17. Libellant’s condition is permanent and he cannot do any work involving stooping, bending, or heavy lifting. Efforts to engage in such manual work would increase the strain on the already weakened back and probably increase his disability.

18. Libellant had no -trouble with his back prior to the accident, and suffered no pain; he was capable of performing all of his duties in the various laboring jobs he had. The official log of the Motor Vessel “Gadsden” reflects that the Captain rated plaintiff as “very good” for ability and conduct. '

19. Libellant’s injuries were sustained in the service of the vessel and not by reason of his own misconduct.

20. T^he -total time elapsed between the date of libellant’s discharge from the vessel to the date of the trial, viz., from June 26, 1947, to April 16, 1948, is 295 days, from which should be deducted for maintenance calculations the period of 128 days during which he worked for Dalglish, Ltd. (September 15, 1947, to January 21, 1948), *614and 34 days covering his Eaton Co., Ltd., employment (February 10, to March 15, 1948), totalling a deduction of 162 days, leaving a balance of 133 days.

21. The libellant instituted a civil action against this same respondent, American Eastern Corporation, and recovered a verdict for damages in the sum of $22,500.

22. During the course of the trial of that case the libellant proved as a part of his damages not only the monetary wage he received, but also the fact that room and board were furnished in addition to his monetary wage.

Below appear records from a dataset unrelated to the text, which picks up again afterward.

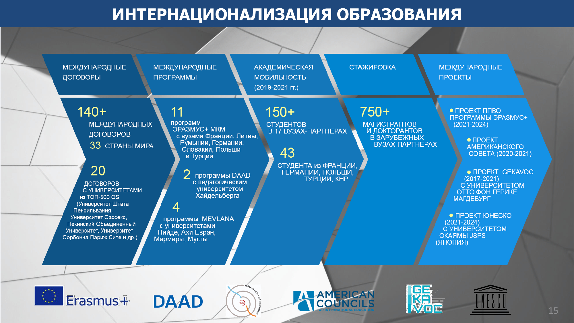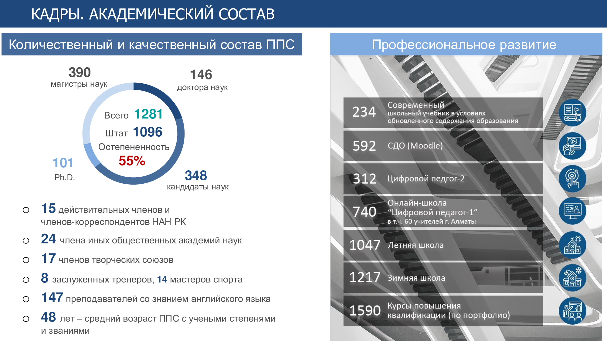 Мотивацией для ППС и сотрудников университета являются результаты конкурсов и получение стипендий в различных международных организациях образования. Мобильность ППС и персонала университета реализуется за счет краткосрочных семинаров, образовательных модулей, международных программ «Tempus», Erasmus+, гранта «Лучший преподаватель» и т.д.
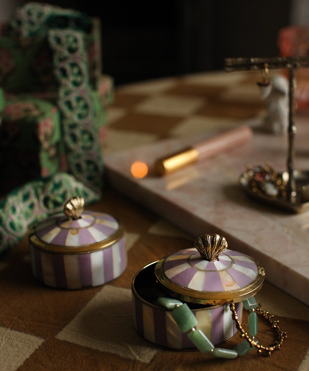 Deze doosjes zijn handgemaakt in India, van messing, resin en schelp. Als je dit unieke handgemaakte product koopt, steun je de lokale gemeenschappen waar onze producten worden gemaakt. Joepie!
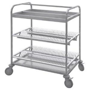 950х500х1100мм, Тележка для сушки посуды три уровня. Каркас разборный из трубы 20х20 нержавеющей стали марки AISI 304 толщиной 1,2мм. Три полки на 70 тарелок и 50 стаканов. Полки и поддон изготовлены из нержавеющей стали марки AISI 304 толщиной 0,8мм. Тележка поставляется в разобранном виде.
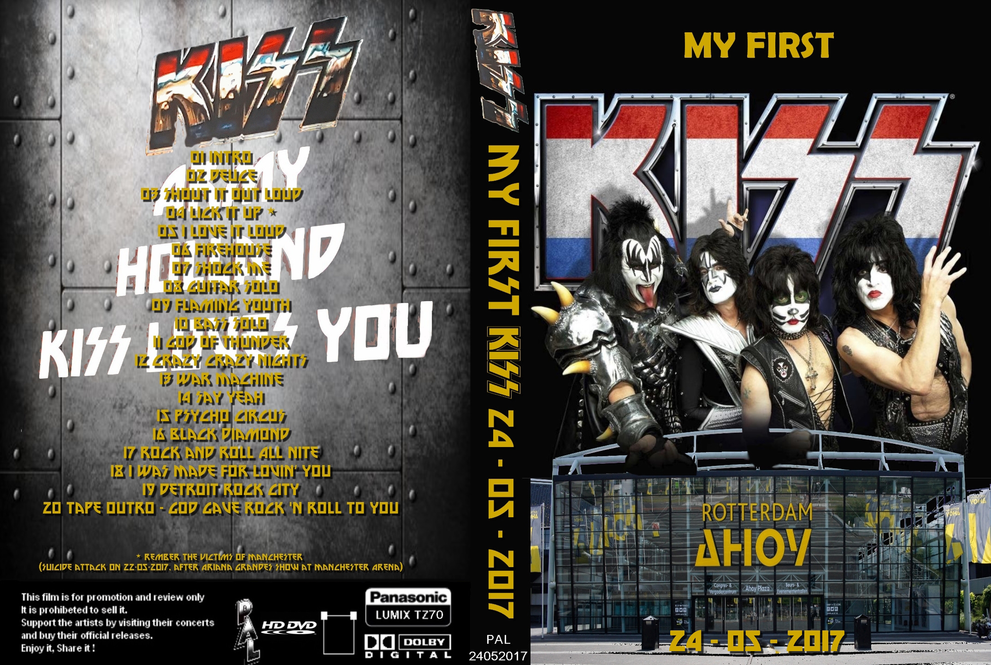 1. Intro 2. Deuce 3. Shout It Out Loud 4. Lick It Up 5. I Love It Loud 6. Firehouse 7. Shock Me 8. Guitar Solo 9. Flaming Youth 10. Bass Solo 11. God of Thunder 12. Crazy Crazy Nights 13. War Machine 14. Say Yeah 15. Psycho Circus 16. Black Diamond 17. Rock and Roll All Nite 18. I Was Made for Lovin’ You 19. Detroit Rock City 20. Tape Outro - God Gave Rock 'n Roll to You
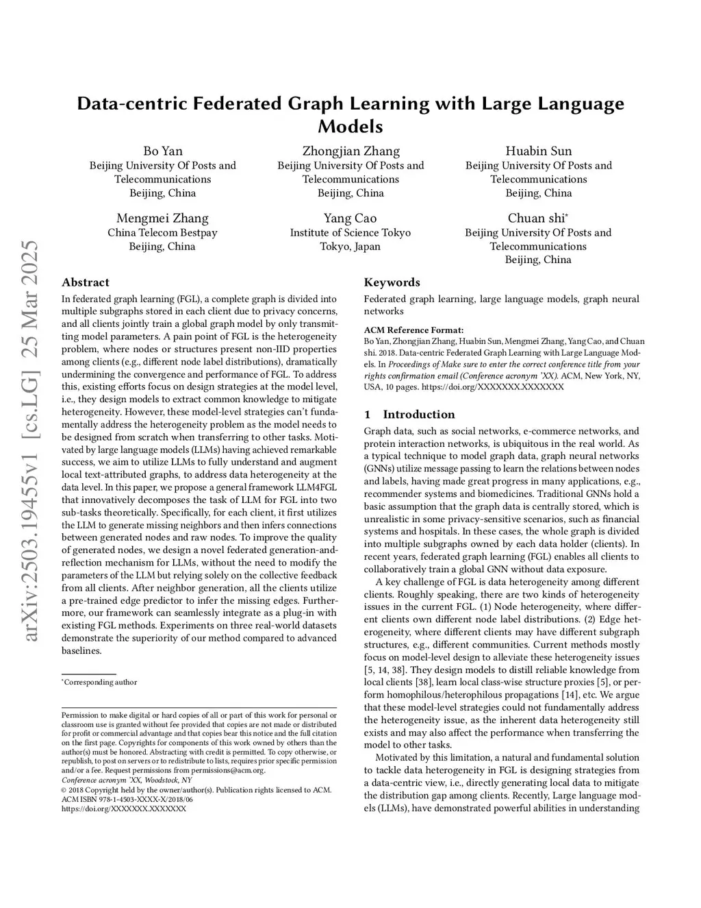 In federated graph learning (FGL), a complete graph is divided into multiple subgraphs stored in each client due to privacy concerns, and all clients jointly train a global graph model by only transmitting model parameters. A pain point of FGL is the heterogeneity problem, where nodes or structures present non-IID properties among clients (e.g., different node label distributions), dramatically undermining the convergence and performance of FGL. To address this, existing efforts focus on design strategies at the model level, i.e., they design models to extract common knowledge to mitigate heterogeneity. However, these model-level strategies fail to fundamentally address the heterogeneity problem as the model needs to be designed from scratch when transferring to other tasks. Motivated by large language models (LLMs) having achieved remarkable success, we aim to utilize LLMs to fully understand and augment local text-attributed graphs, to address data heterogeneity at the data level. In this paper, we propose a general framework LLM4FGL that innovatively decomposes the task of LLM for FGL into two sub-tasks theoretically. Specifically, for each client, it first utilizes the LLM to generate missing neighbors and then infers connections between generated nodes and raw nodes. To improve the quality of generated nodes, we design a novel federated generation-and-reflection mechanism for LLMs, without the need to modify the parameters of the LLM but relying solely on the collective feedback from all clients. After neighbor generation, all the clients utilize a pre-trained edge predictor to infer the missing edges. Furthermore, our framework can seamlessly integrate as a plug-in with existing FGL methods. Experiments on three real-world datasets demonstrate the superiority of our method compared to advanced baselines.

23. The libellant has recovered damages in an amount adequate to cover not only his loss of monetary earnings but also any loss he might have had by reason of being deprived of his board and lodging in his occupation as a seaman.

Conclusions of Law.

1. This Court has jurisdiction over the subject matter and the parties.

2. Libellant was injured on June 15, 1947, while in the service of the Motor Vessel “Gadsden.”

3. Libellant has expended no money for medical treatment and is not entitled to any award for “cure.”

4. The jury having been instructed, “You will determine such amount (damages) on the basis of any pecuniary loss you may find he has already sustained * * ' *, such as loss of earning power up to the present time ' * * *,” and having returned a very substantial verdict for the libellant, the libellant is not entitled to a further recovery for maintenance.

5. In the light of the instructions in the tort action on the matter of damages, and the consequent verdict therein, it is my opinion that the matter litigated in the former suit is determinative of the matter in controversy in this suit. Runyan v. Great Lakes Dredge & Dock Co., 6 Cir., 141 F.2d 396.

6. To permit a recovery here for maintenance would, in my judgment, be awarding a duplication of compensatory damages. Muise v. Abbott, 1 Cir., 160 F.2d 590.

7. Libellant is not entitled to maintenance and cure.